Sion James couldn’t believe it.
Cooper Flagg stole the basketball from Pittsburgh’s Jaland Lowe and raced down the court in transition. In a play that could have registered on the seismic counters in Durham — both for its result and crowd response — Flagg slammed the ball down over Guillermo Diaz Graham for a season highlight, drawing a roar from the audience at Cameron Indoor Stadium. As teammates Kon Kneuppel, Khaman Maluach and Tyrese Proctor rushed over to celebrate with him, James’ mouth gaped open in utter disbelief.
“I’ve never seen a dunk like that while I’m on the court … I almost lost my mind when I was out there,” Malauch said.
“That’s the best in-game dunk I’ve ever seen,” Proctor added.
“We’ve had a few guys through the years make plays that just spark everybody in the building, and there was one of those moments tonight,” head coach Jon Scheyer said.
While no play from the Blue Devils’ 76-47 win over the Panthers was as commanding as Flagg’s poster over Diaz Graham, the end result — cold-blooded, relentless basketball — was the same through all 40 minutes. Some of that might be thanks to old-fashioned revenge, as Pittsburgh upset Duke at Cameron Indoor last season for the first time in 45 years.
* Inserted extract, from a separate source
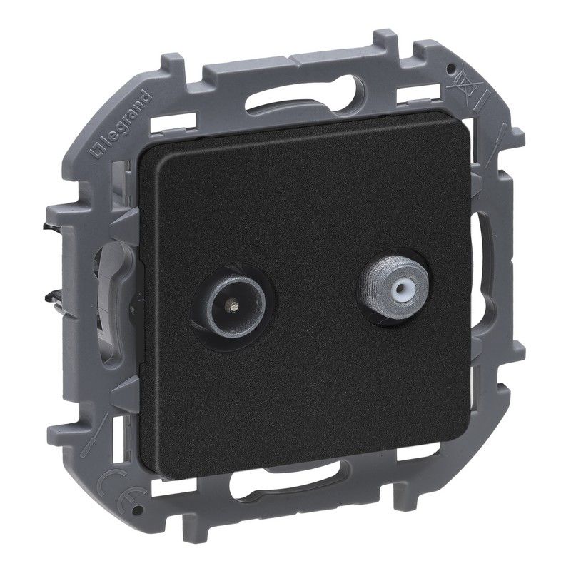Розетка телевизионная Legrand Inspiria для скрытого монтажа, для схемы "звезда", 1 дБ 4-2400 МГц, поддержка обратного питания для активных антенн до 500мА, цвет "Антрацит".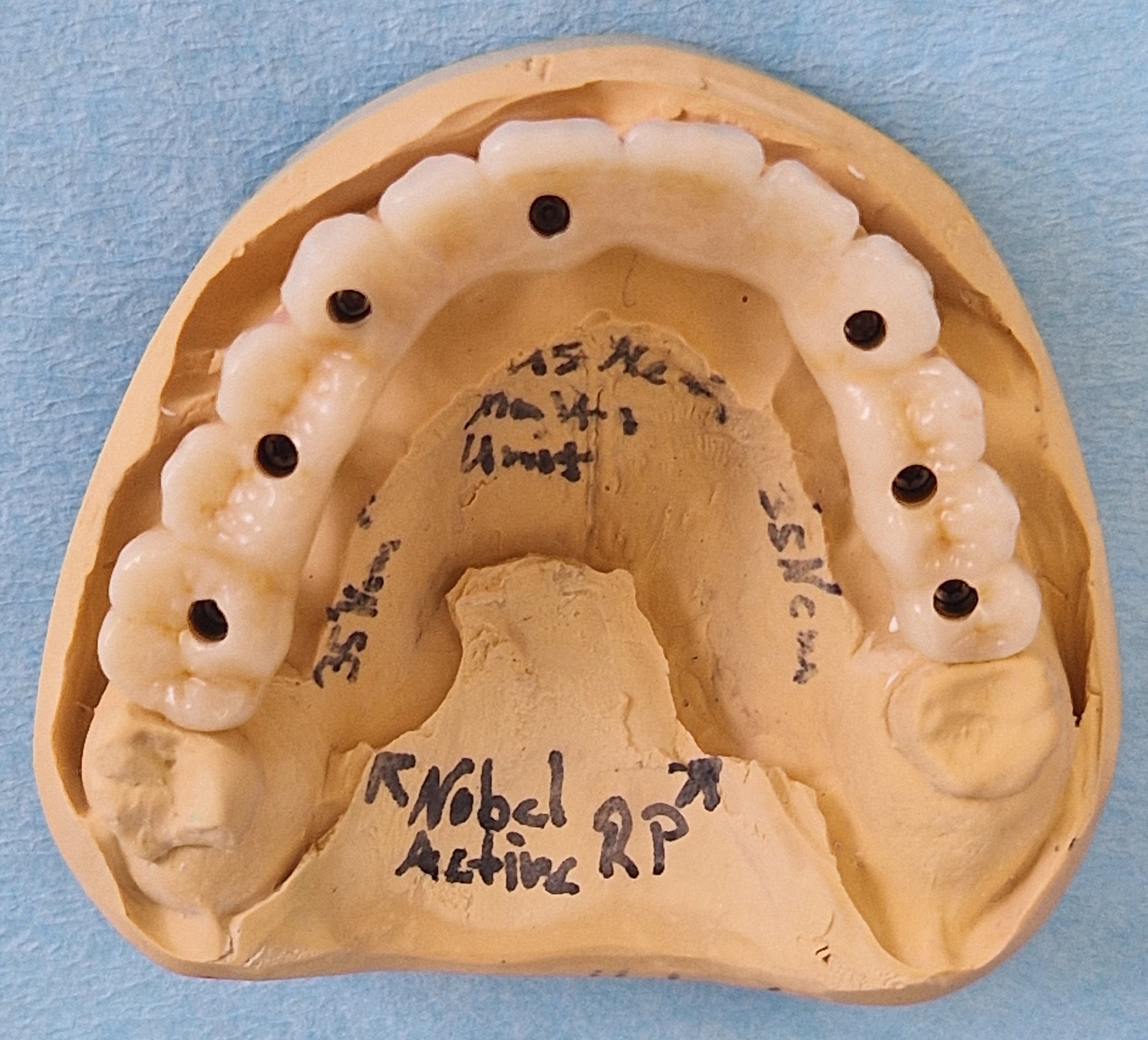 Die schwarzen Löcher werden nach dem Einschrauben der Implantatbrücke mit zahnfarbenen Kunststoff verschlossen

Forward Blake Hinson, who had gone 7-of-7 from outside the arc, taunted the Cameron Crazies at the press table after the win.
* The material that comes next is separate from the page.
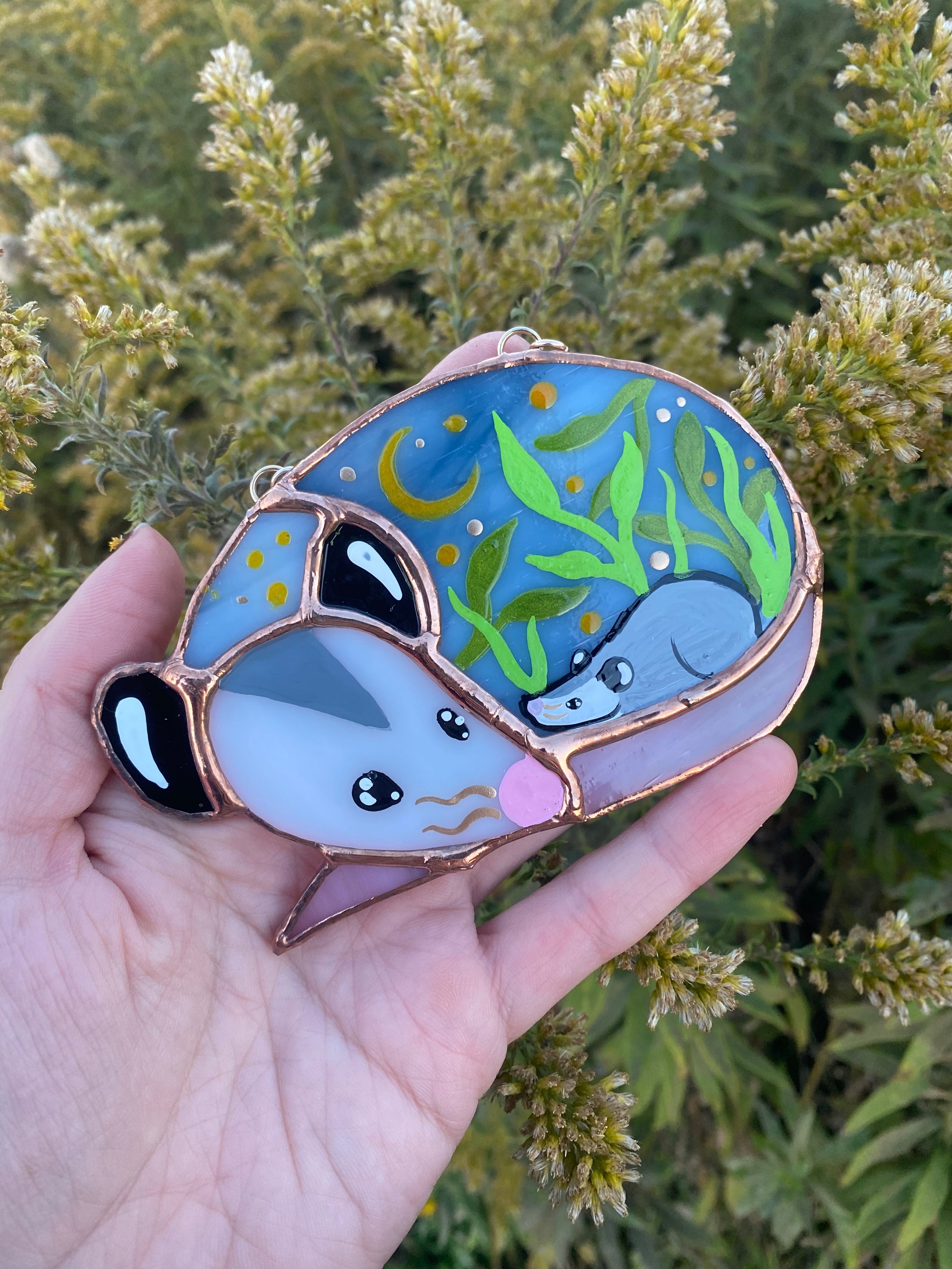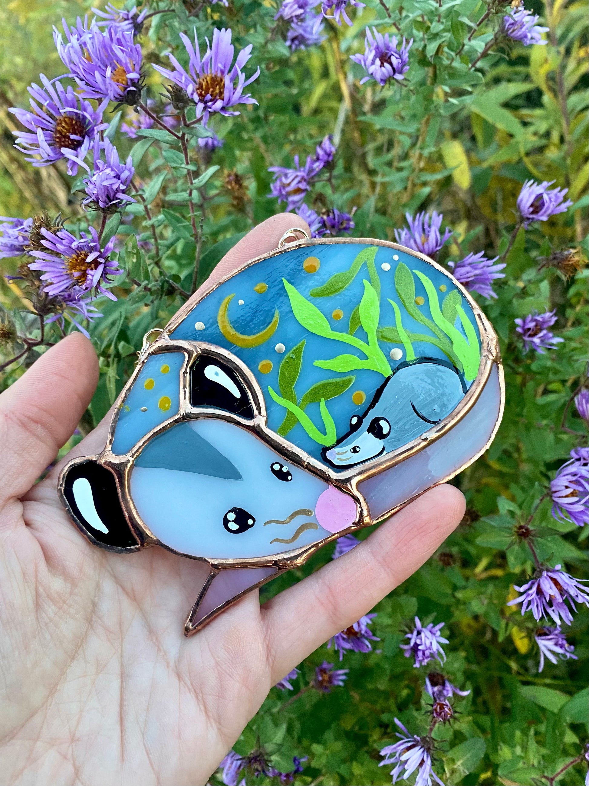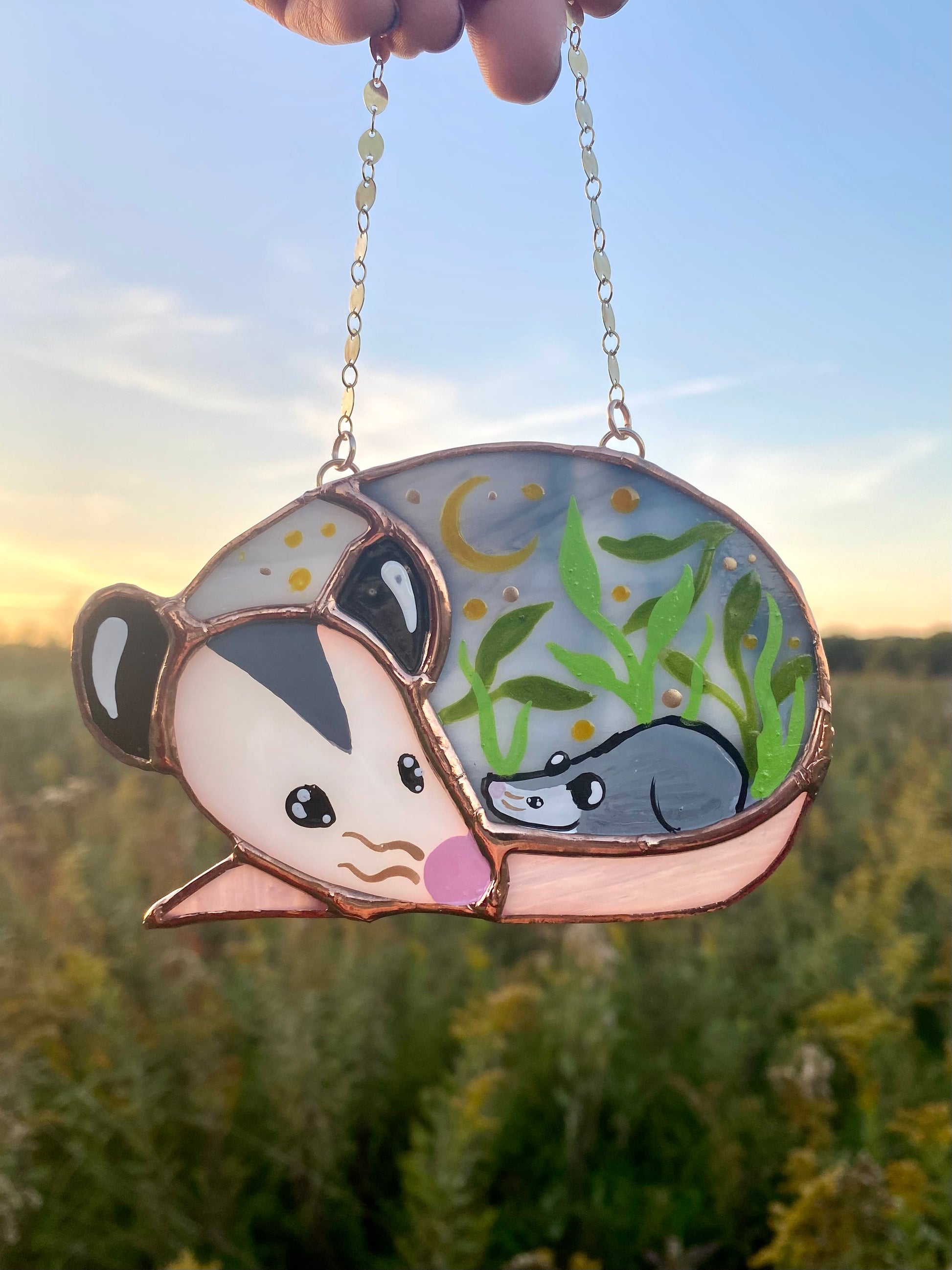 Sleepy Opossum with Baby. Mini Suncatcher Ornament

But can revenge alone explain the 29-point dismantling of Pittsburgh? The Panthers, one of the ACC’s top squads, were the first team out of the Jan. 6 AP Poll and rank 22nd nationally in offensive efficiency per KenPom.
“I think it’s crazy they’re not ranked with what they’ve done this season,” Scheyer said of the Panthers.
The goal of any top-ranked college basketball team is, of course, to win a national championship, something Duke is well-equipped to do this season. However, it seems this year’s Blue Devils have enacted a separate goal — to impose their will on the rest of the ACC. In five conference games, Duke has outscored its opponents by an average of 23.2 points per game, which is 2.4 points better than its margin for nonconference games.
Why is that point differential so wide? Well, this Blue Devil squad is an embarrassment of riches. Take Knueppel, for instance. The freshman finished with a healthy 17 points, and shot 4-of-5 from deep in the last 27 minutes of the game following a pair of early misses from outside the arc.
“It’s funny how that works, because I felt the two best looks of the night were the first two that didn’t go [in],” Knueppel said. “Shooting is a fickle thing. Sometimes it goes in and sometimes it doesn’t, [you] just gotta keep putting them up.”
Knueppel’s impact stretches far beyond shooting in ways that traditional box score statistics fail to reflect. Pittsburgh’s guards attempted to drive against him for much of the game, but the Milwaukee native remained unfazed, forcing tough shots to help lead to a poor 31% shooting clip for the Panthers.
Proctor, the longest-tenured starter on the Blue Devils, also played a dynamic game, as his outstanding plus-minus of plus-42 reflects. The junior scored Duke’s last 10 points of the contest, which included a rare five-point play after a flagrant-2 foul on the Panthers’ Damian Dunn. In addition, the Sydney native assisted four 3-pointers in the first half, which included back-to-back feeds for Knueppel.
“Me and [Knueppel], we’re both elite 3-point shooters, so a lot of teams when we get downhill are gonna collapse,” Proctor said. “It’s just being able to read and trust each other that we’re going to make the right reads.”
Duke’s starting five each scored in double figures, their first time doing so since the Blue Devils’ Nov. 8 victory against Army. With how deep Duke’s roster is, it may come as a surprise that, in the second half, the bench combined for no points and just 12 minutes. Sophomore guard Caleb Foster, who started the first seven games of the 2024-25 campaign, was limited to just nine minutes, a career-low. While that fact may reflect an underachieving season from the Harrisburg, N.C., native, it also shows just how dominant the Blue Devils’ win truly was.
The lineup of James, Proctor, Knueppel, Flagg and Maluach, plus a strong supporting cast, can contend with any title-hungry team. But “contending” cannot describe what has occurred when Duke has met its ACC rivals thus far. The Blue Devils seem to be fighting against mere mortals in conference play.
Granted, the ACC is having a down year, with just five of its teams projected to make the dance in Joe Lunardi’s most recent Bracketology. And Duke could very well have its work cut out for it in a road contest against Clemson Feb. 8, as well as its two matchups against archrival North Carolina. But if Duke continues to execute as well as it did against Pittsburgh, even those challenges may feel less like obstacles and more like opportunities to assert its supremacy.
Right now, the rest of the ACC is simply trying to keep up.